**EXERCISE INSTRUCTIONS**
Below this line is a listing that includes pictures. Copy exactly, and only, the lines from the one containing "Hans-Joachim Gutteck. |" through the one containing "教会に入って驚いたのは中央祭"; the pictures do not go in the copy.

**RECORDS**
.....

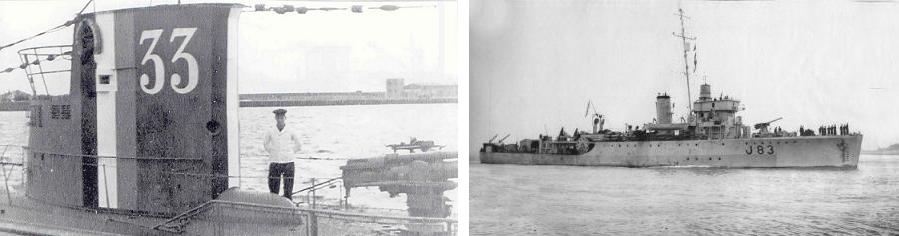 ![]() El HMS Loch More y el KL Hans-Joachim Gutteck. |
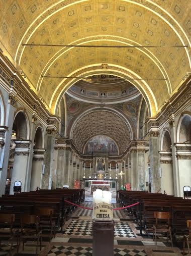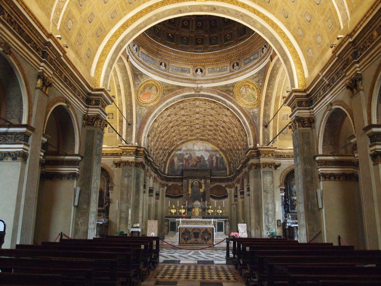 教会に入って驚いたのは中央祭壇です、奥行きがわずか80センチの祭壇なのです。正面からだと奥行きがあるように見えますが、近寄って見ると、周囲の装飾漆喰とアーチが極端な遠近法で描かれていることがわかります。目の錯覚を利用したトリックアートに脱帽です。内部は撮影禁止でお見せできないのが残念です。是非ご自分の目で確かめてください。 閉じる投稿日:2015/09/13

.....

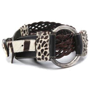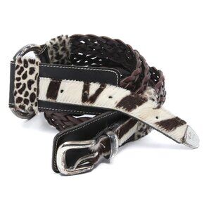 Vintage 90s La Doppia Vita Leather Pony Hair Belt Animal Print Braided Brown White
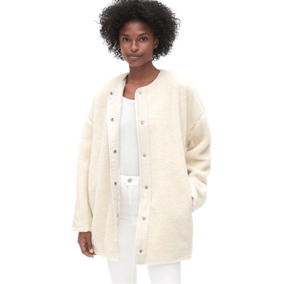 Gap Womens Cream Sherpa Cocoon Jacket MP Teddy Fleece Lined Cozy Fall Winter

.....

**ANSWER SECTION**
 ![]() El HMS Loch More y el KL Hans-Joachim Gutteck. |
 教会に入って驚いたのは中央祭壇です、奥行きがわずか80センチの祭壇なのです。正面からだと奥行きがあるように見えますが、近寄って見ると、周囲の装飾漆喰とアーチが極端な遠近法で描かれていることがわかります。目の錯覚を利用したトリックアートに脱帽です。内部は撮影禁止でお見せできないのが残念です。是非ご自分の目で確かめてください。 閉じる投稿日:2015/09/13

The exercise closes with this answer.